The U.S. Navy is deploying advanced artificial intelligence capabilities to accelerate the detection of Iranian naval mines in the Strait of Hormuz, a critical global shipping route for oil and other commodities. A contract awarded last week to San Francisco-based Domino Data Lab, valued at up to $100 million, supports this effort by enhancing software that powers underwater drones. This initiative comes amid ongoing tensions, including a U.S. naval blockade of Iranian ports established in mid-April 2026, which has restricted maritime traffic to and from Iran.

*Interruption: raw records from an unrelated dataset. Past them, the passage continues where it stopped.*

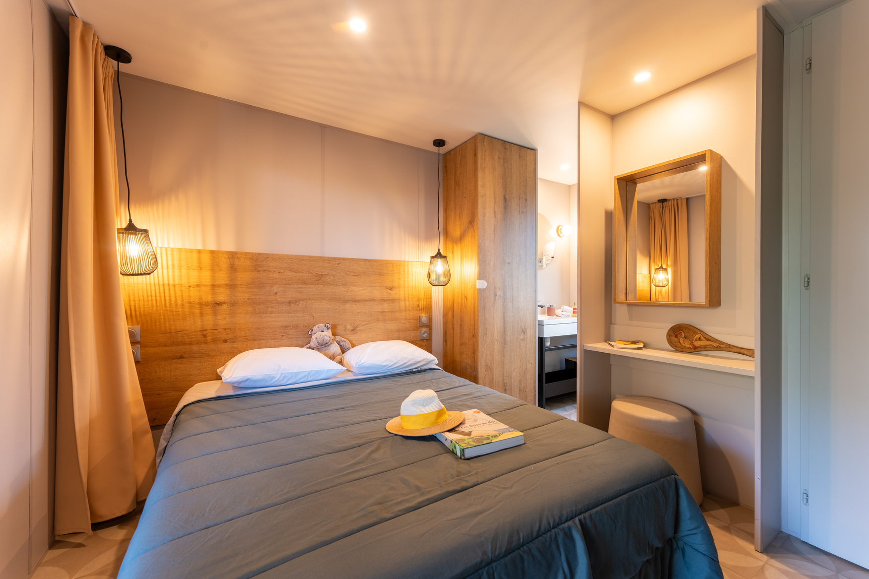 - Bett für 2 Personen (140x200) (Bettdecke und Kopfkissen werden gestellt)
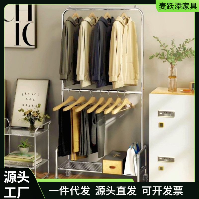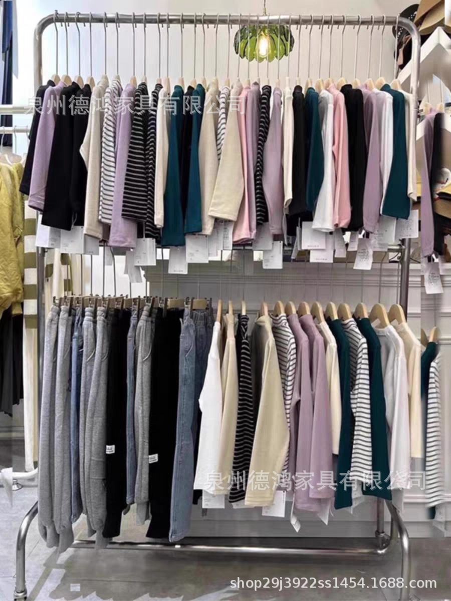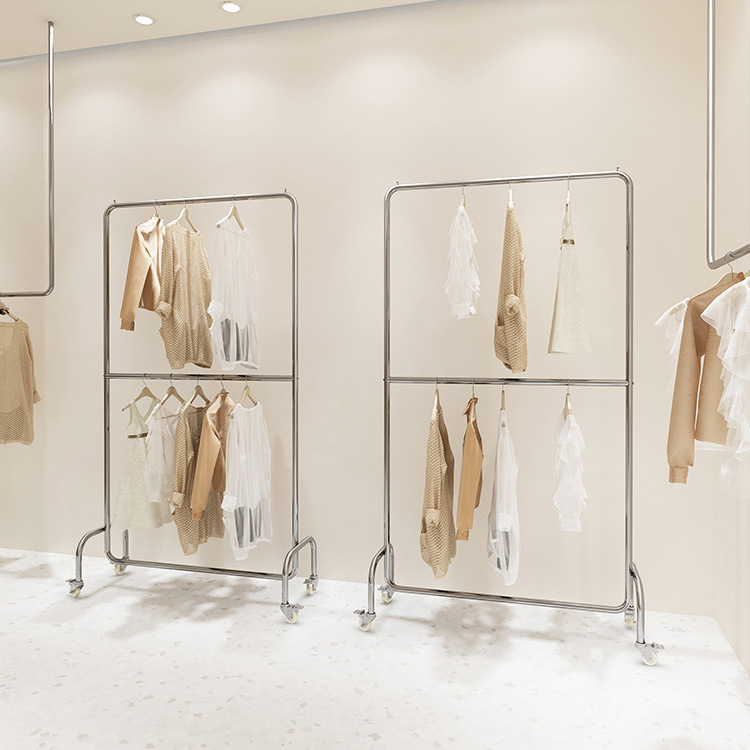 ステンレス二重服装棚床ハンガー婦人服店専用陳列棚移動服装展示棚
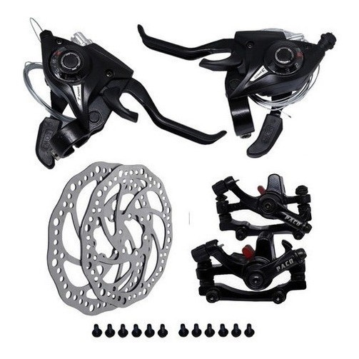 Frenagem precisa e eficaz, componente de segurança essencial para ciclistas exigentes. As pinças de Freio a Disco de Bicicleta paco são forjadas em alumínio, contém suas pastilhas semi-metálicas, e os seus discos contém 160mm. Acompanha 12 parafusos. Componente de entrada, as alavancas paco atendem solicitações diárias das bicicletas. Compatíveis com sistema freio disco e borracha. Maçanetas leves, acabamento em alumínio e sistema de 21v. Não podem ser utilizadas em conjunto com câmbios Shimano. CARACTERÍSTICAS Composição Alumínio Pastilhas Removíveis e Pastilhas Semi-metálicas; Corpo e puxadores em Alumínio; 21 velocidades funcionais; Troca de Marchas no único toque DÚVIDAS FREQUENTES 1 - Minha bicicleta não contém uma ou as duas furações para fixar as pinças, o que eu faço? Caso a sua bicicleta não contenha as furações para fixar as pinças, abaixo há o campo de perguntas onde você pode nos fornecer o modelo de sua bike, que nós lhe retornaremos com o kit compatível com os adaptadores para o seu modelo. 2- Qual é o tamanho de roda/aro compatível com este kit? Tamanhos 20; 24; 26 e 29. Desde que respeitem as condições das furações. ESPECIFICAÇÕES DOS PRODUTOS ESPECIFICAÇÕES Alavanca Passador de Cambio Rapid Fire 21m com maçaneta de freio em alumínio; Composição: alumínio, aço, pvc; Marca: Absolute Freio a disco de alumínio dianteiro e traseiro 02 Pinças de freio; 02 Disco 160mm; 04 parafusos Allen de fixação da pinça; 12 parafusos Allen p/ fixar disco; Composição: pinça de alumínio e disco 160mm de aço; Marca: Absolute

President Donald Trump has stated that the Navy is actively working to clear Iranian mines from the strait. Despite a tenuous ceasefire in the weeks-long conflict between the U.S. and Iran, the threat of underwater explosives continues to disrupt shipping and pose risks to the global economy. Mine sweeping operations in such contested waters could extend for months without technological acceleration.
The contract expands Domino Data Lab’s role as the AI foundation for the Navy’s Project AMMO, or Accelerated Machine Learning for Maritime Operations. This program aims to make underwater mine detection faster, more accurate, and less reliant on human sailors by integrating data from various sensors on unmanned underwater vehicles, known as UUVs.
Thomas Robinson, Domino’s chief operating officer, described the shift in an interview. “Mine-hunting used to be a job for ships. It’s becoming a job for AI. The Navy is paying for the platform that lets it train, govern, and field that AI at a speed required for contested waters that block global trade and imperil sailors.”
Domino’s software integrates inputs from side-scan sonar and visual imaging systems. It enables the Navy to monitor the performance of different AI detection models in real time, identify shortcomings, and rapidly deploy improvements. Previously, updating AI models on UUVs to recognize new or unseen mine types could take up to six months. The new platform reduces this timeline to just days.
This speed is particularly relevant in the current environment. Robinson illustrated the advantage with a hypothetical: if UUVs trained on Russian mines in the Baltic Sea needed redeployment to detect Iranian variants in the Strait of Hormuz, the Navy could adapt in a week rather than a year.
Iran maintains a large arsenal of naval mines, estimated by the Defense Intelligence Agency at more than 5,000. These include moored mines suspended below the surface by chains and anchors, bottom mines resting on the seafloor that use magnetic, acoustic, pressure, and seismic sensors, and limpet mines attached directly to ship hulls by divers. The shallow waters at the strait’s narrowest point, around 200 feet deep, combined with tight shipping lanes and Iran’s long southern coastline, facilitate mine deployment from small boats.
Clearing these mines presents significant challenges. The seafloor is cluttered with debris, shipwrecks, and other objects that complicate sonar surveys. Traditional minesweeping or remote vehicle operations are time-consuming and hazardous, especially under potential threat. Even modern tankers with double hulls and watertight compartments are vulnerable to mission-kill damage that impairs operations without necessarily sinking the vessel.
The U.S. has conducted strikes on Iranian minelayers, including attacks on 16 vessels earlier in the period, forcing Iran toward smaller boats for laying operations. The ongoing U.S. blockade, in place since April 13, 2026, has turned away dozens of commercial ships and trapped Iranian oil exports, adding pressure while mine threats persist.
Project AMMO and the Domino platform represent a broader push toward commercial AI integration in defense applications. By allowing rapid model training and deployment on edge devices aboard UUVs, the technology reduces risks to personnel and supports more agile responses in dynamic maritime environments. This capability could help establish and expand safe transit channels through potential minefields, aiding efforts to restore reliable shipping in the region.
As operations continue under the blockade and ceasefire conditions, the Navy’s investment in AI-driven mine detection underscores the growing role of machine learning in modern naval warfare. The software not only processes sensor data efficiently but also creates a governed environment for continuous improvement, potentially setting precedents for future autonomous systems in undersea domains.